### What is required
From the listing below, output the lines between the one with "Jacques Mesrine 1936 - 1979" and the one with "شکل (۱). فرآیند پژوهش", including those two, and nothing else. Pictures are not copied.

(Beginning of Dataset)

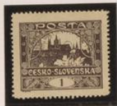
Sallo de peise
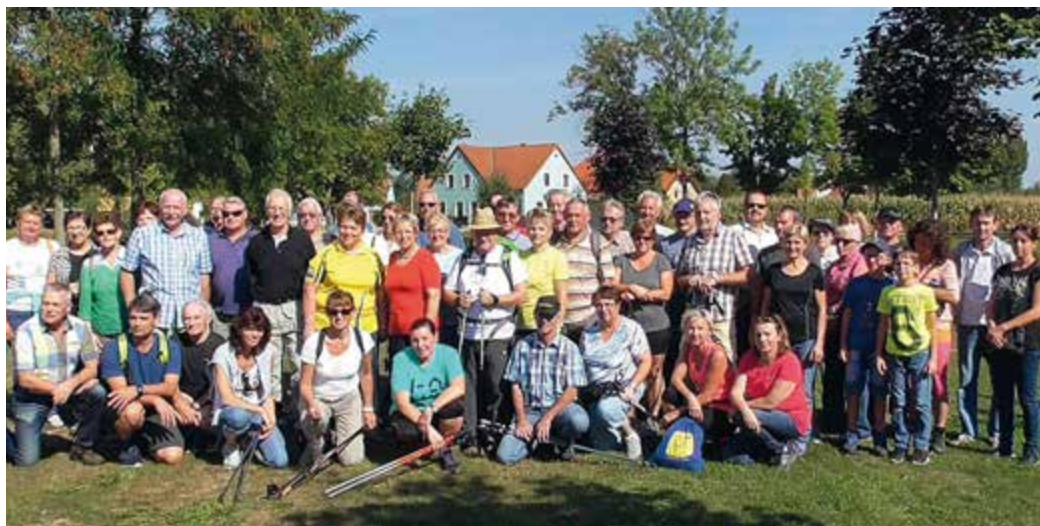
„Wandern mit andern“ - tut gut! Ein Gruppenfoto vor dem Start der Wanderung von Teich zu Teich.
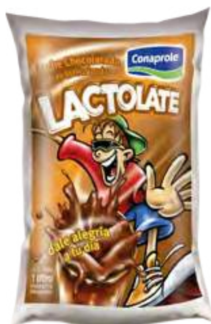
Lactolate Cont. Neto 1 Litro
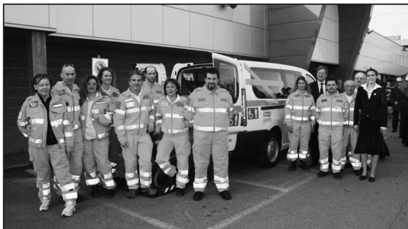
Il gruppo monteclarese della Croce Bianca accanto alla nuova unità mobile.
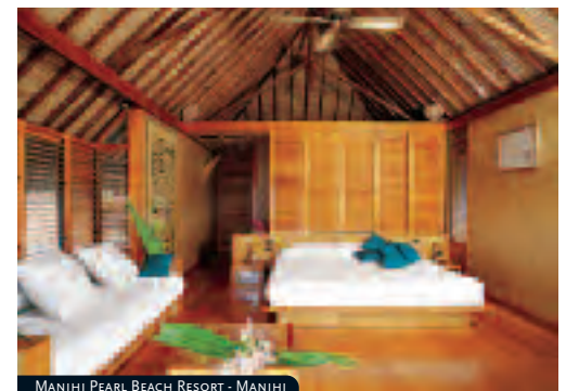
MANIHI PEARL BEACH RESORT - MANIHI
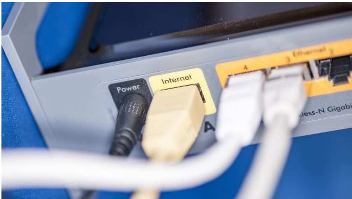
Netværkskabel tilsluttet pc.

Bredbåndspuljen er åben for ansøgninger. Og hvis du ikke nåede at komme til et af infomøderne om puljen, så holdes der nu et online møde den 29. juni.
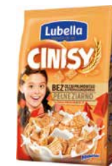
Cinisy 500g do wyczerpania zapasów w kanale tradycyjnym
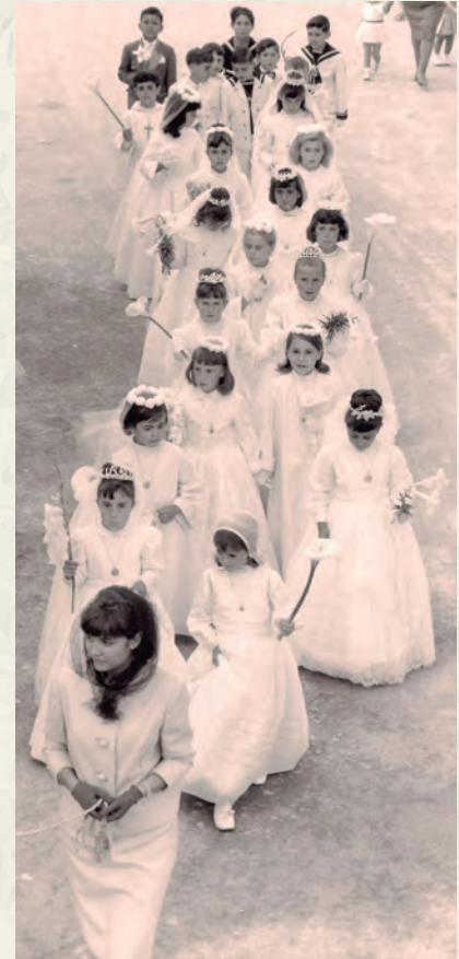
Les nenes i nens que aquell any van fer la Primera Comunió, van participar en la processó de Corpus (AAP).

mundial de boxa i una de les icones esportives del segle XX, Cassius Clay, després Muhammad Ali, qui el 1967 es va declarar objector de consciència en la guerra del Vietnam, contribuint a la defensa dels drets civils als Estats Units.
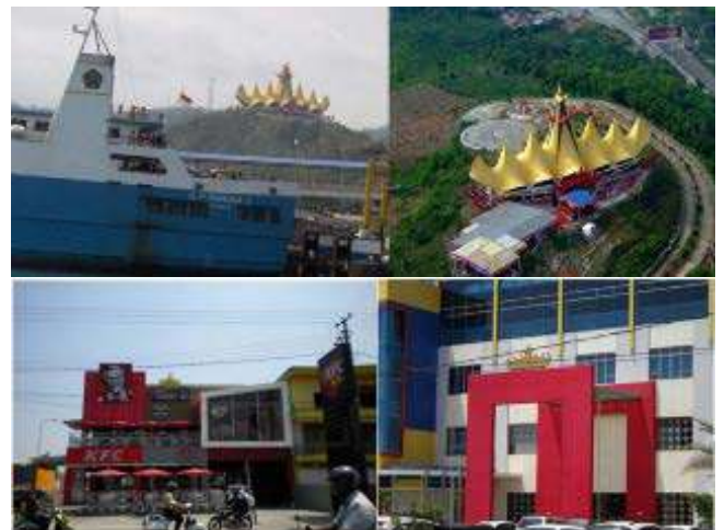
Gambar 3. Menara Siger, Bukit Gamping Lampung (atas), Penerapan Siger pada bangunan di Lampung (bawah)

Siger merupakan sebuah identitas arsitektural yang dapat dijumpai secara utuh sejak kita memasuki Bakauheni, Lampung Timur melalui sebuah mimicri bangunan yang dikenal dengan sebutan 'Menara Siger'. Simbol daerah provinsi serta permulaan titik nol Sumatera. Visualisasi ini masih dapat dijumpai lagi ketika mulai memasuki kota Bandar Lampung, melalui melalui penerapan tanda siger pada setiap fasad bangunan dan sudut jalan primer dan sekunder dalam sebuah kawasan kota.
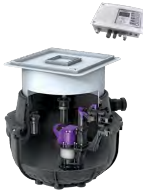
Abb.: Artikel 280 550X
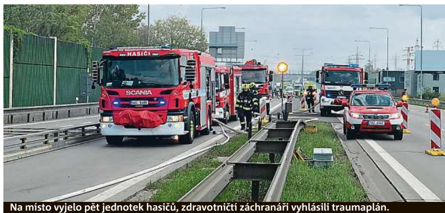
Na místo vyjelo pět jednotek hasičů, zdravotníci záchranáři vyhlásili traumaplán.
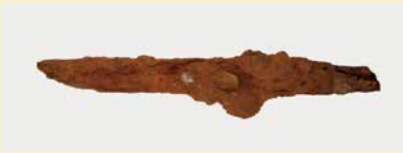
写真1 出土した状態の鉄製短刀
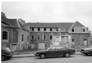
Bâtiment C, partie est, façade partielle rue du Vivier. IVR31_19846200143X
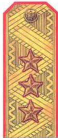
Генерал-полковник (парадная форма одежды)
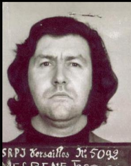
Jacques Mesrine 1936 - 1979
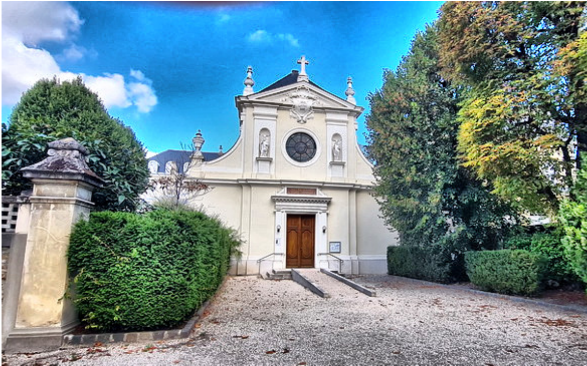
Exterior Bonne Deliverance

Has de coger la línea uno del metro (desde Chatelet, si es que estas en la Tour de Saint Jacques) hasta la parada del puente de Neully y desde allí caminar diez minutos hasta la Chapelle Notre-Dame de Bonne Deliverance.
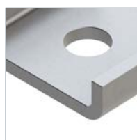
Высокая несущая способность
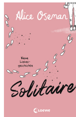
Solitaire (deutsche Ausgabe)
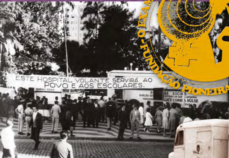
• Campanha de prevenção do câncer realizada pela Fundação das Pioneiras Sociais, 1975
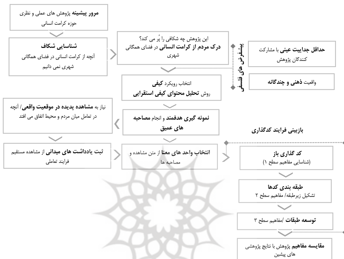
شکل (۱). فرآیند پژوهش

از میان مطالعات انجام شده در این حوزه می‌توان به مطالعه‌ی کاو ۲۰۱۹، اشاره کرد که به روابط اجتماعی و الگوهای استفاده از فضاهای همگانی شهری در انگلستان و چین اشاره کرد که به تجزیه و تحلیل الگوهای استفاده از فضای همگانی و انواع روابط اجتماعی می‌پردازد. داده‌های مشاهده شده‌ی این مطالعه از چهار فضای عمومی واقع در شزو چین و شفیلد انگلستان استخراج شده و ویژگی‌های شخصی کاربران، فعالیت‌های آن‌ها و نحوه اشغال فضای همگانی را مورد تحلیل قرار داده است. نتایج این مطالعه به اهمیت فضاهای همگانی برای انواع کاربران و نحوه‌ی استفاده از آن فضا و گروه‌های مختلف اجتماعی می‌پردازد. مطالعه دراوکوف ۲۰۱۹، به بازنگری مفهوم کرامت انسانی در عصر جدید می‌پردازد. در این مطالعه عزت نفس را یکی از مفاهیمی می‌داند که در چند دهه گذشته به طور چشمگیری تغییر کرده است. این مطالعه تلاش می‌کند که این مفهوم را از مخاطرات فناوری‌های جدید و امکان تهدید شأن انسانی مورد توجه قرار دهد.
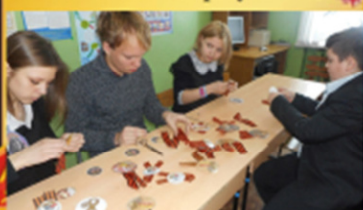
«Я помню! Я горжусь!»
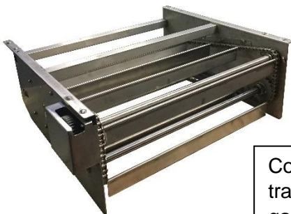
Contronastro con avanzamento tramite palette, adatto per prodotti di galleggiamento
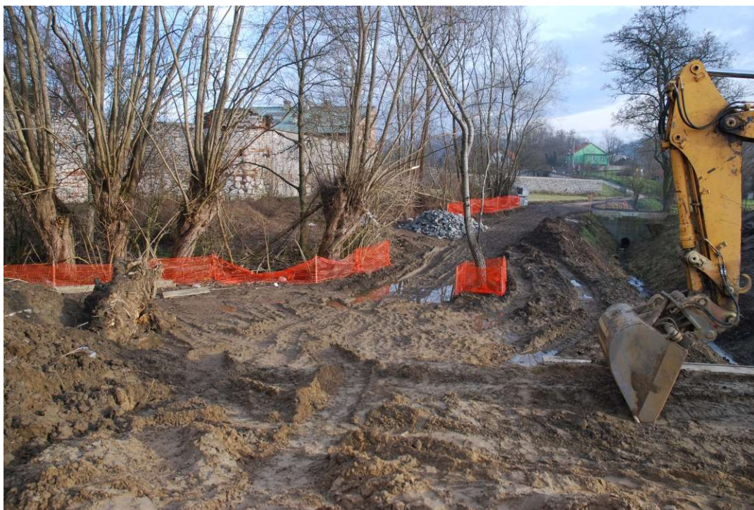
Foto. 16. Zabezpieczenie drzew i krzewów nie planowanych do wycinki na Zadaniu 2, stan w trzeciej dekadzie grudnia 2020 r. (widok w kierunku zawala).
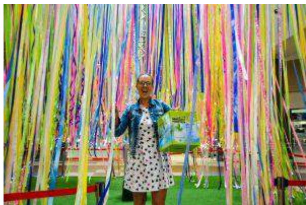
CH Platan, CH Bielawy, CH Osowa, CH Czyżyny - "Loteria Wstążkowa zrealizowana w 5 centrach handlowych" - Apsys Polska S.A.
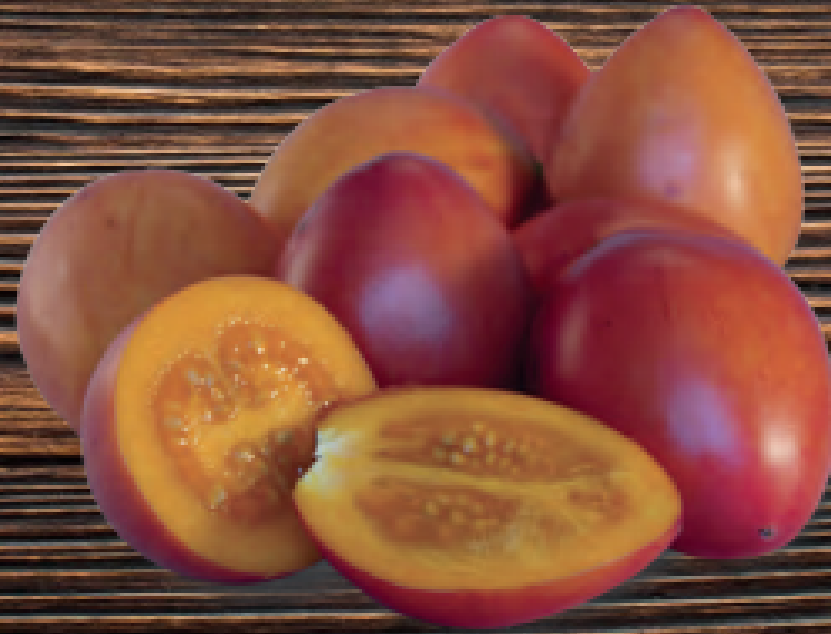
tomate de árbol
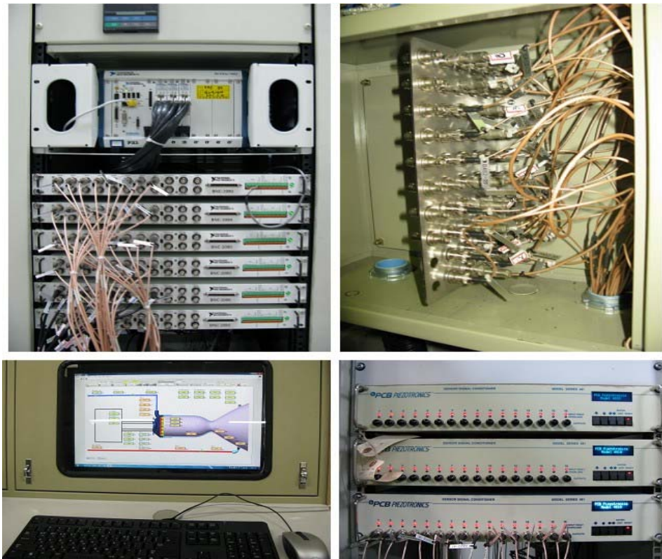
Fig. 1 Hardware of High-Frequency Data Acquisition System
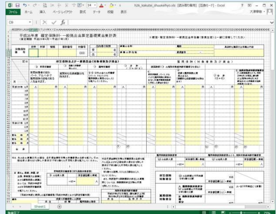
●厚生労働省のホームページで公開されている年度更新プログラムの1つ。継続事業で賃金を集計するときに便利。

申告する際に保険料の根拠となる賃金を集計するエクセル(Excel)で作成されたプログラムが、今年も厚生労働省のホームページから配布されていますので、自社で申告をされる方は、ぜひ利用してみてください。
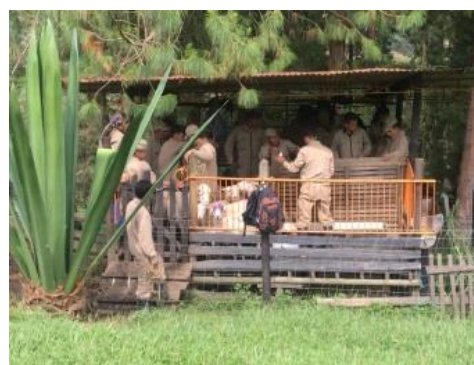
Actividades en el Entorno de Ganadería y Piscicultura del ETCR de Carrizal
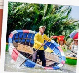
ล่องเรือกระดังง์
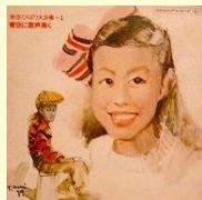
美空ひばり大全集1 『青空に歌声高し』レコードジャケット 1967

本展では、戦後の歌謡界を代表する美空ひばりの「美空ひばり大全集」を7枚展示しています。ひばり自身の強い要望によって宮永に制作依頼されました。
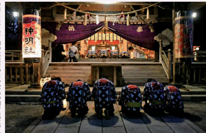
参拝には、各丁内の代表者のほか数名の同行者が訪れました。写真は神明社の参拝の様子。

9月7日から9日は、お囃子が聞こえ、太鼓の音が鳴り響き熱気に包まれるはずだった角館のお祭り。今年は、新型コロナウイルス感染症の収束と来年の開催を願いながら静かにその3日間が終わりました。
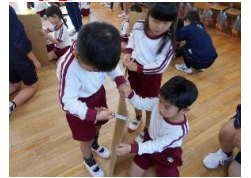
「みんなで協力して 切ろうね・・・」

運動会で楽しんだ「忍者」の世界で、11月はお店屋さんごっこをしました。4歳児ばら組はいろいろな食べ物屋さんを、5歳児ほし組はゲームランドを、子どもたちが試行錯誤を繰り返しながら遊びを作り上げていきました。
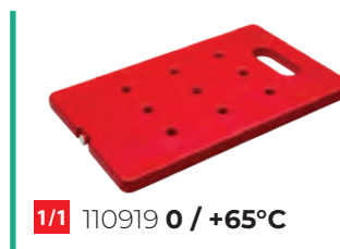
1/1 110919 0 / +65°C
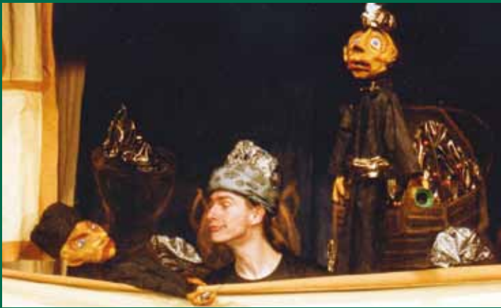
< Alibaba und die 40 Räuber

Musik, Mechanik, und andere Teufeleien >
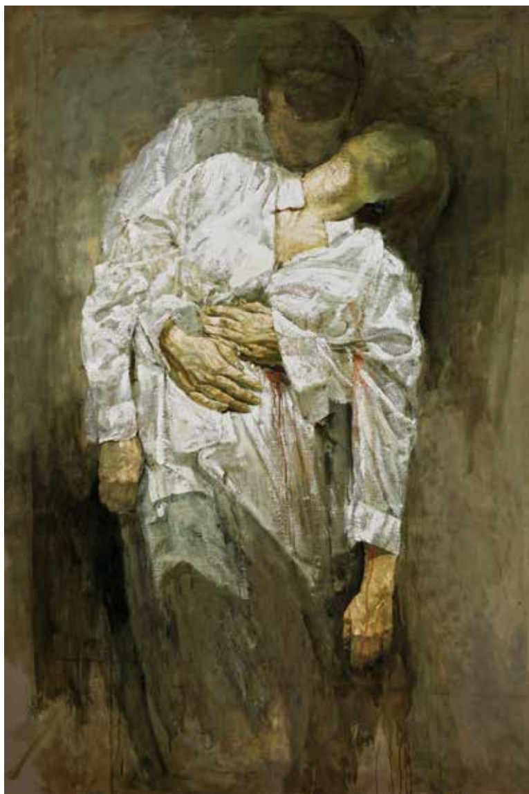
Corps couvert, 2011 - aquarelle et tempera sur papier toile [220x160cm]
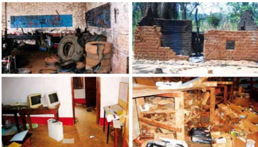
SAQUEOS EN LAS CASAS.
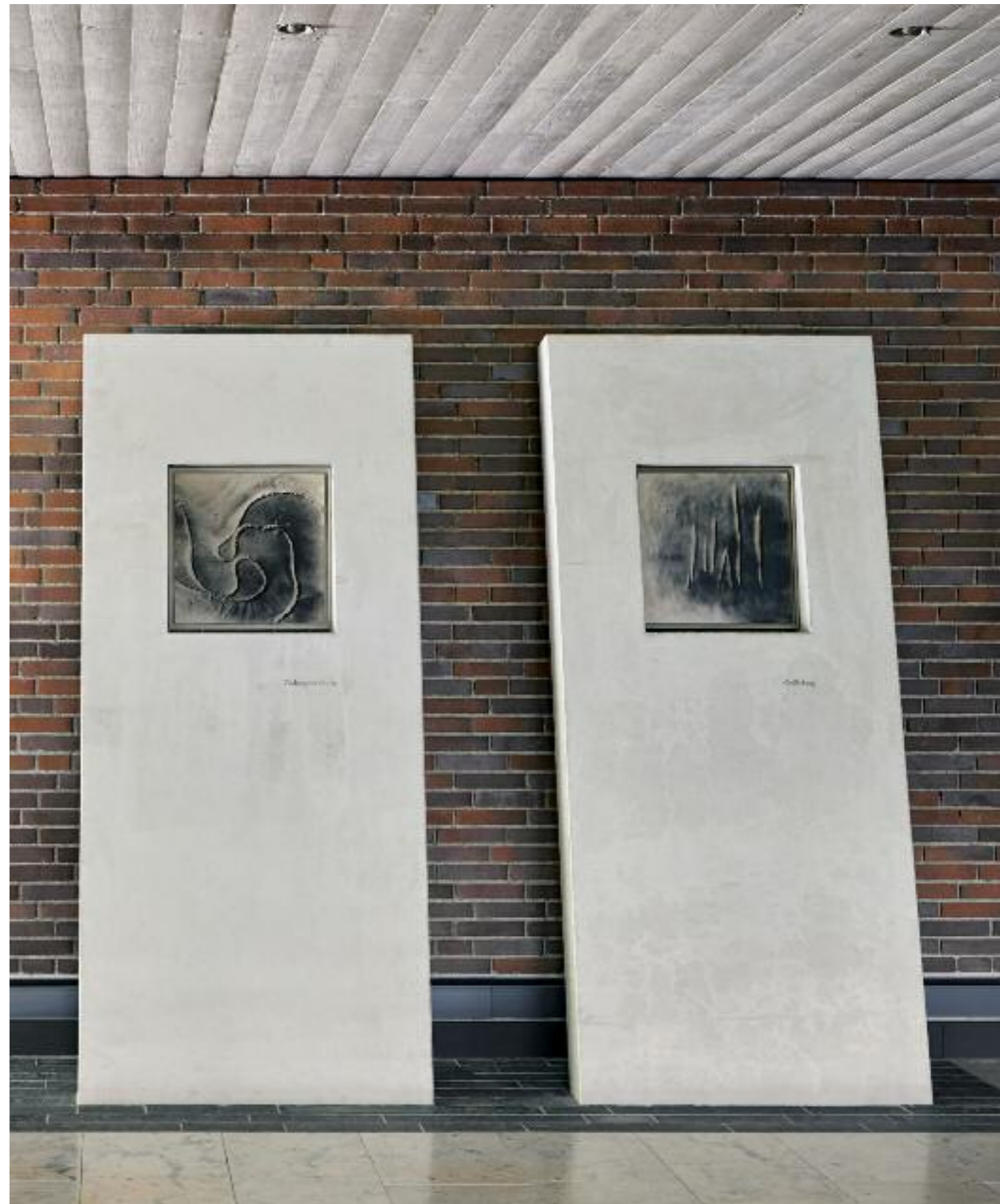
KREUZWEG, STATIONEN GEFANGENNAHME UND GEISSELUNG

Der traditionellen Folge von 14 Stationen, beginnend mit der „Verurteilung“ und endend mit der „Grablegung“, sind die „Gefangennahme“ und die „Geißelung“ vorangestellt, weil „hier der Erfolgskurs Jesu jäh beendet wurde“ (Schmidt). Als letzte Station ist die „Auferstehung“ angefügt, eine seit den 50er-Jahren des 20. Jahrhunderts verbreitete, motivische Erweiterung als Ausdruck, dass der Leidensweg Jesu nicht im Tod endet, sondern in die Erlösung der Auferstehung mündet. Die ca. 50 x 50 cm großen, monochromen Bilder sind in einer speziellen Papierprägetechnik ausgeführt. Das angefeuchtete Papier wird wie eine empfindliche Haut auf reale Materialien gepresst. Die daraus rührende haptische Oberflächentextur wird durch die flach aufgesprühte, schwarze Farbe malerisch unterstrichen und in ihrer Reliefierung intensiviert. Der Begriff der „Einprägbarkeit“ ist wörtlich genommen. Schmidt greift in zeitgenössischer Interpretation das alte Thema der „arma Christi“ auf, der Leidenswerkzeuge, die Jesus in seiner Passion begegnen. Das geprägte Papier hat die Last der Passion physisch in sich aufgenommen. Das „verwundete“ Papier wird zum Sinnbild für die Verletzlichkeit und Brüchigkeit des menschlichen Lebens.
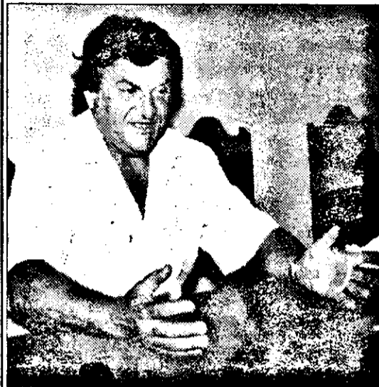
„Când am fost aleși, am zis că vom face treabă” - spune viceprimarul. Așa să fie.
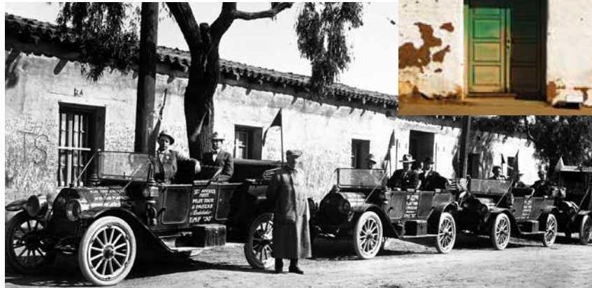
Parte superior: Casa de Estudillo; Parte inferior: paseo en automóvil alrededor de 1920

Las temperaturas moderadas de San Diego ofrecen condiciones ideales para visitas durante todo el año. Con un promedio de solo diez días de lluvias anuales, las
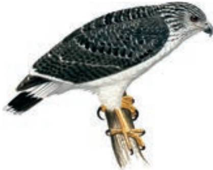
Gavián de Dorso Gríz Pseudastur occidentalis
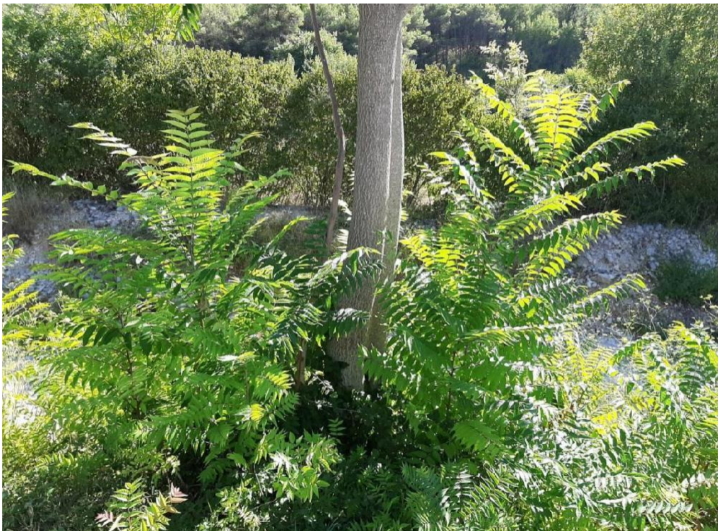
Slika 17 Pajasen i njena velika izbojna snaga iz panja na lokaciji Manastrir Krka(Nađ M.)
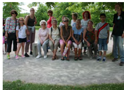
Promenade pédagogique aux étangs de Camon
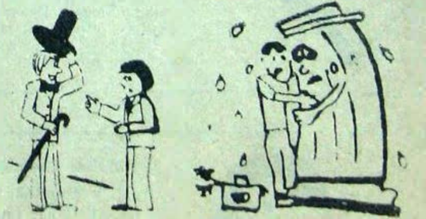
— Ну, куда распределитесь? — В Париж! — Прощайте с Алла Матер Рисунки М. ПАСГУХОВОЙ.
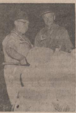
STOVYKLINĖS GYVYBES UGNIS

Penkios dešimtys stovyklų, Penkios dešimtys laužų, Lietuvos padangė žėrė Penkios dešimtys aušrų.

(End of Dataset)

### Solution to the exercise
Jacques Mesrine 1936 - 1979
Exterior Bonne Deliverance

Has de coger la línea uno del metro (desde Chatelet, si es que estas en la Tour de Saint Jacques) hasta la parada del puente de Neully y desde allí caminar diez minutos hasta la Chapelle Notre-Dame de Bonne Deliverance.
Высокая несущая способность
Solitaire (deutsche Ausgabe)
• Campanha de prevenção do câncer realizada pela Fundação das Pioneiras Sociais, 1975
شکل (۱). فرآیند پژوهش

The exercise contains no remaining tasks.